Apart from that, PHR must also prepare various strategies to ensure that production from the Rokan Block does not decrease if it needs to be increased. Moreover, the field there is already mature. Drilling activities must be carried out on a massive scale. Provision of rigs must also be ready at the time of transfer. This includes the issue of ex-CPI HR who will join PHR.

What and how are the PHR projections after managing the Rokan Block in the midst of the need for large enough funds to operate the oil and gas field with the second largest national oil production? What kind of partners should PHR cooperate with so that the partnered company can support the company’s efforts to increase the production performance of the Rokan Block?

To find out about this issue, Dunia Energi journalist Dudi Rahman interviewed Salis S Aprilian Ph.D., an oil and gas practitioner and has worked for the Pertamina Group for more than 28 years, Saturday (7/8). While serving as President Director of PT Pertamina EP (2008-2011), Salis successfully raised the company’s oil production and had time to penetrate the level of 130 thousand barrels per day. This oil engineering graduate from the Bandung Institute of Technology was also quite successful when he led PT Pertamina Hulu Energi (2011-2013) and PT Badak NGL (2015-2018). This doctoral from Texas A&M University, USA is also the former Chairperson of the Society Of Indonesian Petroleum Engineers (IATMI).
Rokan Block. (picture: Pertamina)

Here’s an excerpt.

In less than 72 hours, PT PHR will take over the management of the Rokan Block from PT Chevron Pacific Indonesia (CPI). How do you see PHR readiness?
I can only read from the outside through articles in various mass media as well as direct chat with the President Director of PHR Mr. Jaffee A. Suardin, and attended several webinars that he attended. In my opinion, they are ready, both technically and non-technically.

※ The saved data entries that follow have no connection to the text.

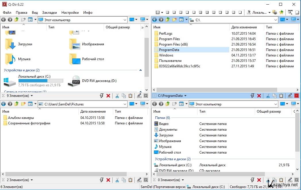 Q-Dir - это отличный файловый менеджер с четырехпанельным интерфейсом и большими возможностями для работы с файлами. Q-Dir сделает работу с вашими папками и файлами очень легкой.Легкий и быстрый, с удивительной Quadro-View технологией. вам не надо отказываться от простого, перетаскивания и других удобных возможностей системы. Q-Dir дает вам огромное множество полезных возможностей.
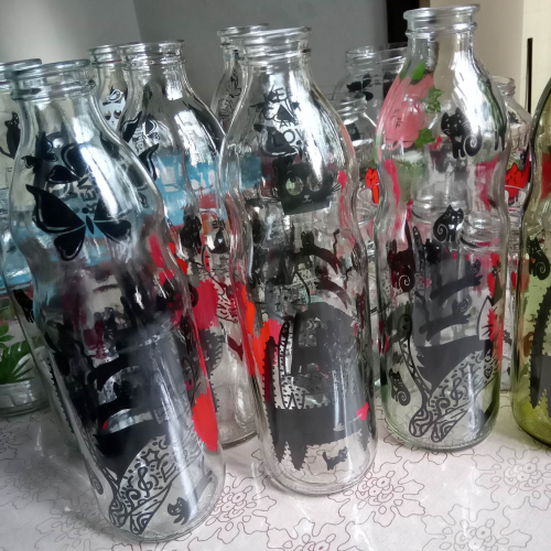 BOTELLAS DE VIDRIO CON IMÁGENES PERMANENTES ADEMÁS FRASCOS DE VIDRIO VARIOS TAMAÑOS
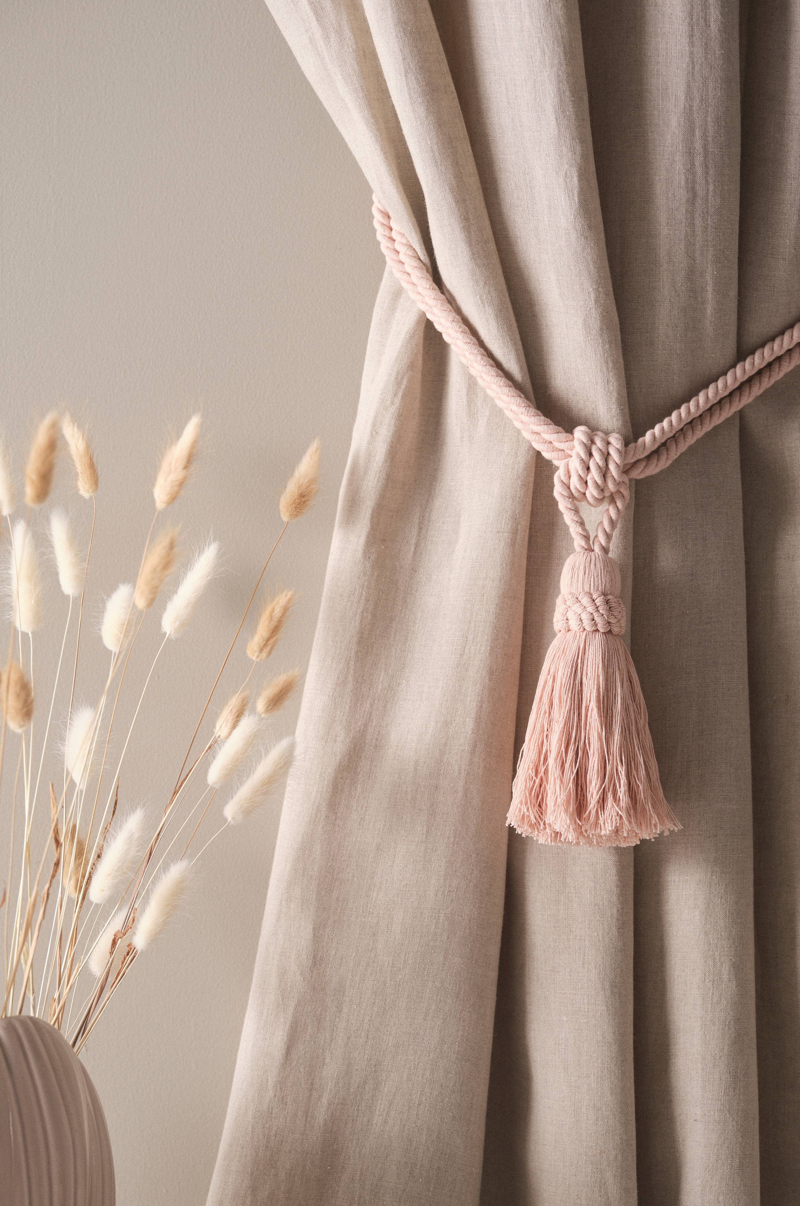 Hang je gordijnen mooi op met behulp van embrasses met kwast. MANON is een iets kleiner model gemaakt van mat katoen.
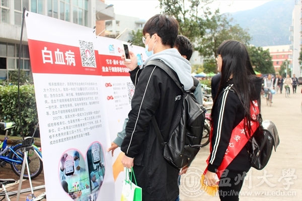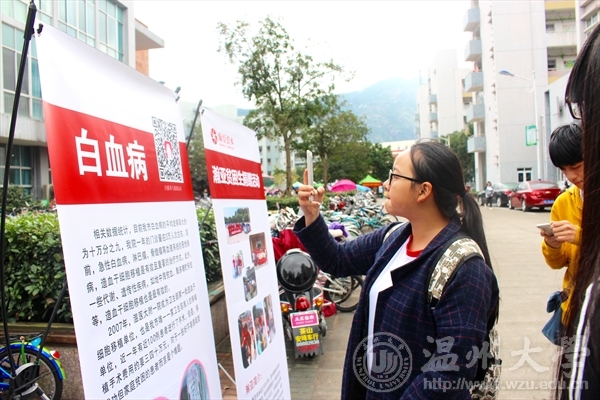 2015年11月25日,必赢官网联合机电工程学院以及商学院在温大校园A/C/E区开展雪君工作室白血病专项基金公益活动,美院“艺家人”青年志愿者协会在超豪学区开展活动。这次活动主要是由瀚亚资本投资,在565net必赢客户端城通过微信关注海象理财这一公众号,每个学生就都能捐赠4块钱给白血病专项基金,奉献自己一点爱心。 “艺家人”的志愿者们用积极的面孔,努力的做着宣传,用真诚用努力的心为患白血病的儿童多献出一份爱心。 通过这次的白血病专项基金募捐的公益活动,希望能够促使当代大学生更为关注社会热点,关心白血病儿童,并为之献出一份力量。用一颗真诚的心,带动身边的人,更多的加入献爱心的队伍。艺家人”青年志愿者协会王烨拍摄者:林依如2015年11月25日
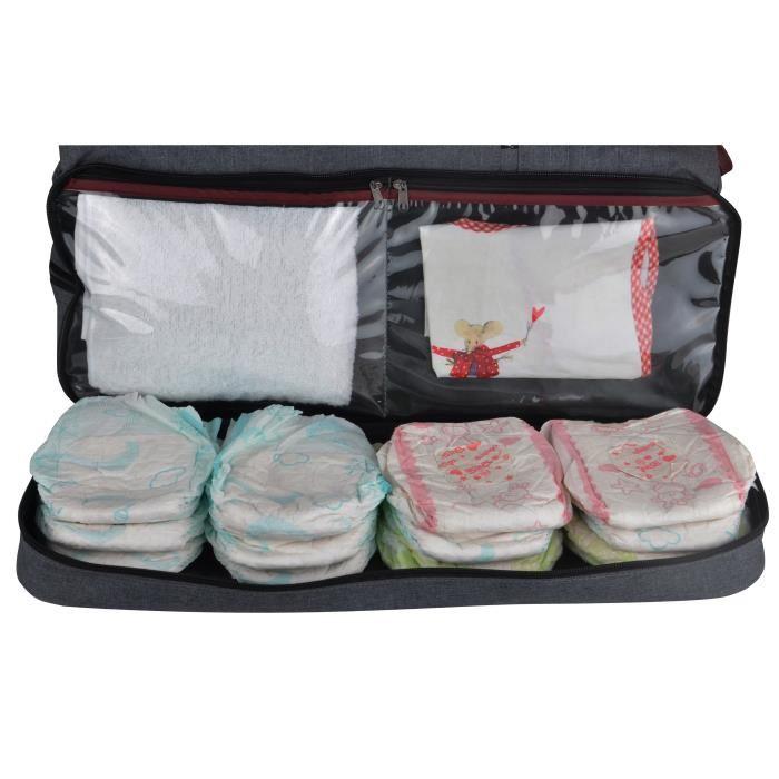 Sac a langer grand format avec 3 grands compartiments a large ouverture - poches et organisateur 6 accessoires - sac repas thermo isolant et sac toilette avec mousquetons - tapis a langer et sac linge sale - trousse pharmacie et accessoires - trousse doudous - grand compatiment zippé a la base du sac pour stocker jusqu

Perhaps there is a potential that the PHR is not ready yet. In what sector?
Maybe about the funding. I don’t know yet whether Pertamina is sufficient to fund all routine work and new projects (Exploration and EOR) with high technology that has been launched in the Rokan Block. Information about that only Pertamina insiders knows of course.

What acceleration can be done to overcome this?
If it is true that the funds are not sufficient, of course, Pertamina must have the courage to open itself to seek selective partners who can provide external funding by sharing risks and revenues.

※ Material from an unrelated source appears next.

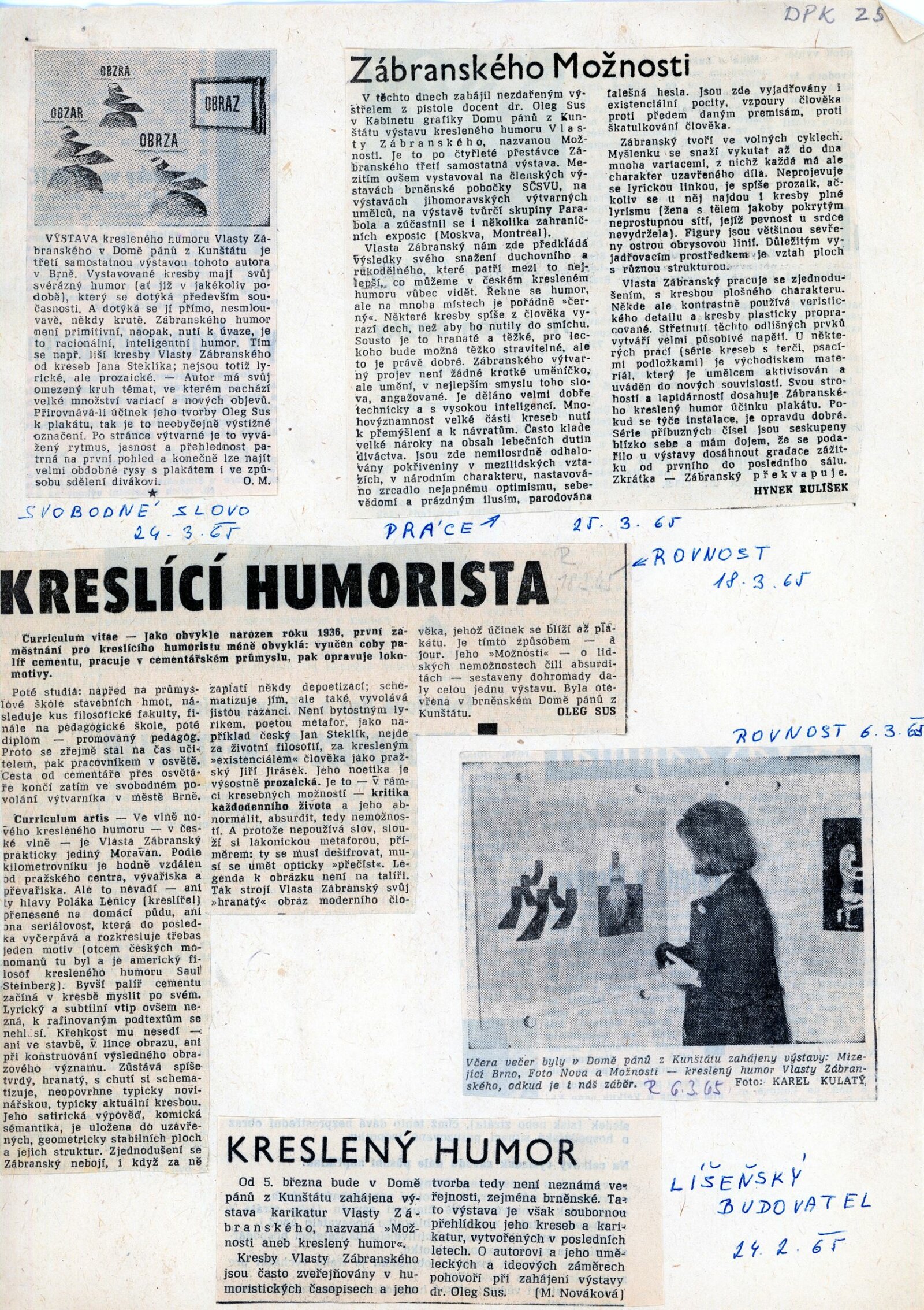Vlasta Zábranský. Možnosti. Kreslený humor: Dům umění města Brna / Dům pánů z Kunštátu, 63. výstava Kabinet grafiky, 5. 3. – 28. 3. 1965 / Text: Oleg Sus. – Brno: DUmB, 1965. – 6 s., obr., výstavy, DPK 259. – MZK; MG; MMB

Under the management of PHR, the Rokan Block applies a Gross Split PSC. In your opinion, what should PHR do besides being effective and efficient in operational activities?
Besides being effective and efficient, it must also be reliable and safe. The operational reliability factor is closely related to work safety and security as well as environmental protection (K3LL). Among the extraction industry, this oil and gas activity includes a high level of risk. Savings without being accompanied by knowledge of the impact can lead to fatal events.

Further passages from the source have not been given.